We have a rather complex situation which I would like some advice on.

At customer sites we place mostly hAP ac lite devices running latest bugfix version 6.39.3 on most recent RouterBoard firmware 3.41.
We configure an OpenVPN client on them, dialing in to our CCR1008 in the datacenter.

Behind those customer RB's, we have several SIP phones. We configured routes towards our infrastructure to go over that VPN tunnel, otherwise just 'out' through the regular internet connection of the customer.
The phones running on TLS are no issue at all.
The ones running UDP however run fine as long as the VPN tunnel is up. When it goes down and back up, e.g. because of internet interruption at the customer site, the UDP devices fail to register again.
if we look at our logs we see that after the VPN goes down, the UDP devices go through the regular internet and that fails because we don't do NAT over the VPN etc etc; however when the VPN is back up, the devices keep going through the regular internet and are not going back through the VPN tunnel.
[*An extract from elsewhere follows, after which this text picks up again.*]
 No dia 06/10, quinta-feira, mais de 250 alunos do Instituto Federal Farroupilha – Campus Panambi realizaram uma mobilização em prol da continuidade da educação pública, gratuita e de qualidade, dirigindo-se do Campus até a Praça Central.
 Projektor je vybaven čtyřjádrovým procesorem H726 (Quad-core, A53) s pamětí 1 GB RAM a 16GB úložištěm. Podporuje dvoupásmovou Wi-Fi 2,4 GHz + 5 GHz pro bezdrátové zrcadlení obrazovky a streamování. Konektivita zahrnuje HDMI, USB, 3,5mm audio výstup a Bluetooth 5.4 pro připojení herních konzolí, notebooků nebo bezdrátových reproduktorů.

So they are in fact not following the route table.
Rebooting devices etc doesn't help, but what does is at that point change the private IP or local SIP port on the device to something else.

So it seems like this gets stuck in some table, memory or cache.
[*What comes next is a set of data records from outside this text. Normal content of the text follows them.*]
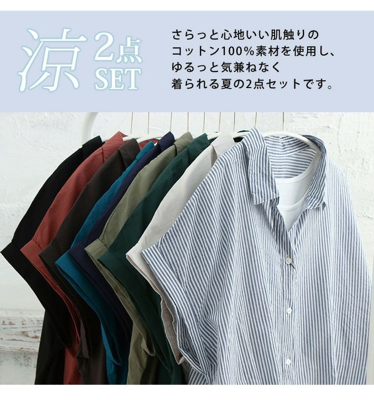 他の画像を見る LL 3L 4L 5L 6L 半袖 ノースリーブ 夏 夏物 夏服 夏用 ぽっちゃり ゆったり プラスサイズ カジュアル お腹 【さら軽コットン】 フロントタック使い シャツ × タンクトップ アンサンブル | 大きいサイズの通販ならハッピーマリリン 価格 ¥ 2,190 税込 3.07 お気に入りに登録する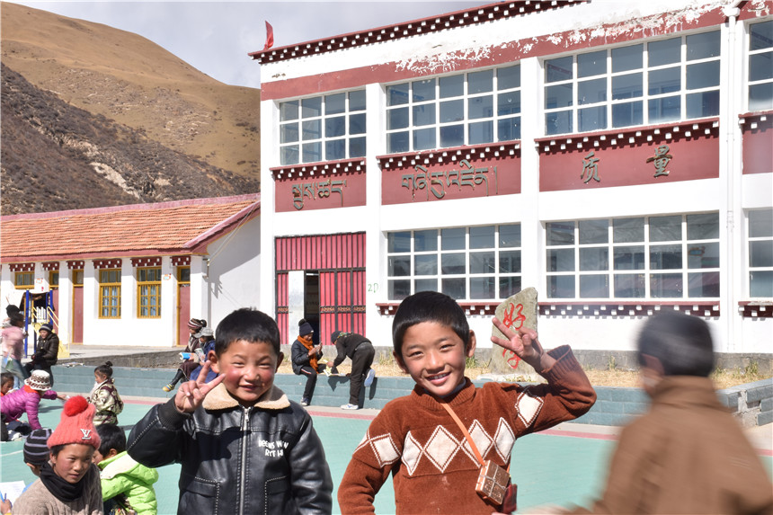 10月29日上午,我跟随扶贫小组一同驱车准备前往石渠县长须贡玛乡查家部落小学。一路顺着山势而上,海拔逐渐升高,阵阵凉意逐渐向我们袭来。这时候大家都出现了头痛、恶心、呼吸不上来这些不同程度的高原反应。司机见状再次将车速加快,想的是更早到达查家部落小学,少受车上的“折磨”。不曾想到,我还是坚持不住,询问能否停车,于是大家都决定下车走走。刚下车,胃里仿佛翻江倒海一泻而出。这时,两位当地村民向马路这边赶路走来,我立马起身,不知道是按捺不住尴尬还是内心对当地人的陌生感,我尽量让自己看起来若无其事,然后慢慢地向前走去。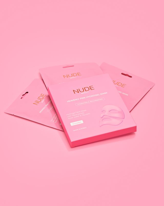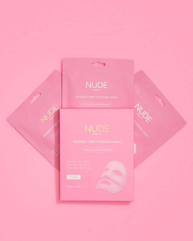 Oppdag Nude Beauty sin Heavenly Pink Hydrogel ansiktsmaske – nå i en pakke på 3 stk. Denne luksuriøse to-delte hydrogelmasken gir huden din et skikkelig fuktighetsboost og en jevnere, mer strålende hudtone.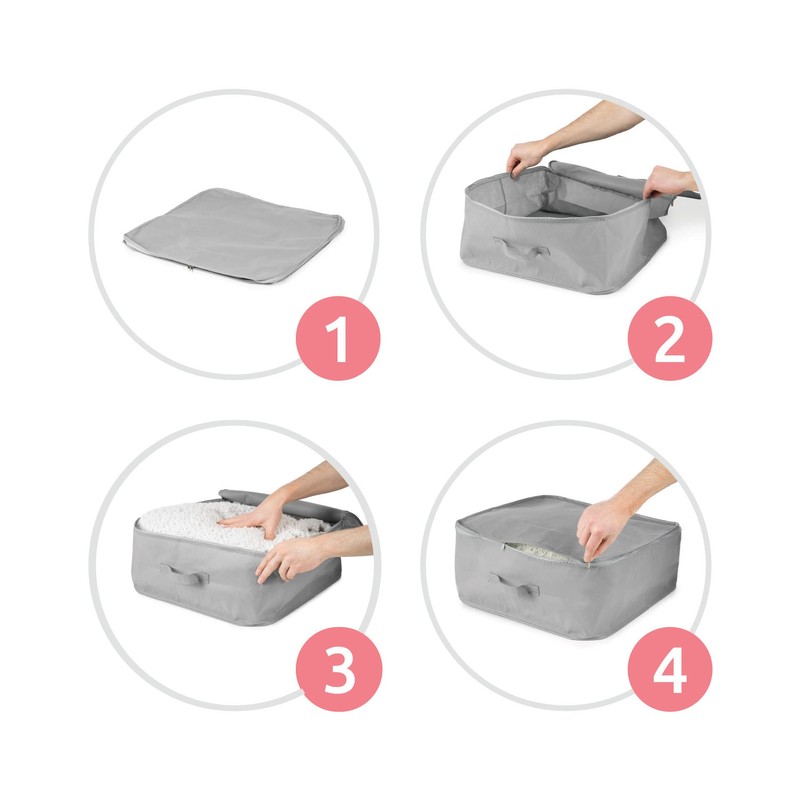 • Transportable clothing bag with handles and zipper, ideal for storing jackets, sweaters, winter jackets, sheets or duvets

Any guidance on what we could do to get this resolved?

We have solved similar problem with UDP packets going through VPN over 3G. If VPN was disconnected, UDP packets went through public internet but as soon as VPN was up, UDP did not return to VPN. It behaved the same way as you describe. We have solved it by setting UDP stream timeout to 1s in connection tracking settings. I suppose this setting assured, that UDP connection was deleted from firewall connections list and created again. Maybe you could try to delete appropriate connection in connections table.
Maybe it can be some bug in UDP connection processing in RouterOS, which arises only in specific situations.

Thank you for your reply. I will try that out.

What would be the impact if we disabled connection tracking overall?

Thank you for your reply. I will try that out.

What would be the impact if we disabled connection tracking overall?

One of them is your firewall being no longer statefull.